Барбара Картленд - Цветок пустыни
– Могу себе представить, какой теплый прием устроит мне ваш отец! – возразил шейх. – Нищий жених, искатель богатого наследства! Иностранец, которого его дочь подобрала в пустыне!
Он говорил с такой презрительной усмешкой, что Вита неожиданно для себя заплакала.
– Все, что вы говорите, это так ужасно… так жестоко… – сквозь слезы выкрикнула она. – Вы не знаете, что такое любовь. Иначе вы бы так не говорили. Но я люблю вас, и моя любовь… так прекрасна… она – дар небес, вы не можете ее вот так… оттолкнуть!
Он обернулся и взглянул на нее, и в ту же секунду выражение его лица смягчилось, а в глазах засветилась нежность.
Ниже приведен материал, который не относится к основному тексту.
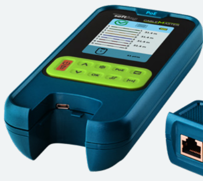
Removable RJ45 remote port

– Ах, девочка моя, – сказал он ласково, – ты так прекрасна, ты само совершенство. Я восхищаюсь твоей храбростью, твоим чувством юмора, твоей чистотой, но более всего твоей душой. Я обожаю тебя, и я знаю: ты права, наша любовь – это дар небес. И тем тяжелее мне отказываться от тебя.
Его глубокий голос, полный любви, казалось, перевернул ей сердце.
Вита протянула к нему руки, и он пылко поцеловал сначала одну, затем другую. Его губы показались ей горячими, будто охваченными огнем, и такой же огонь вспыхнул у нее в груди, когда он медленно перевернул ее руки и со сдержанной страстью поцеловал ладони.
– Я преклоняюсь перед тобой! – сказал он. – И именно поэтому я не могу впустить тебя в свою жизнь, увлечь за собой вниз. Возвращайся в Англию, любимая, и вспоминай иногда о человеке, который будет обожать и любить тебя до конца своих дней!
Вита сжала пальцами его руки.
– Я не могу… не могу расстаться с тобой! – прошептала она прерывающимся от рыданий голосом.
– У нас нет выбора, сокровище мое.
Печаль, прозвучавшая в голосе шейха, говорившая о его покорности судьбе, яснее убедила ее в неотвратимости разлуки, чем его гневные, страстные уверения в ее неизбежности.
Все еще не отпуская рук девушки, он произнес низким, глухим голосом, глядя ей в глаза:
– Я не осмелюсь еще раз поцеловать тебя. Иначе… я не смогу остановиться и сделаю тебя своей. А тогда ни для тебя, ни для меня уже не будет выхода.
– Это… как раз то, чего я… хочу, – едва слышно прошептала она, глядя ему в глаза.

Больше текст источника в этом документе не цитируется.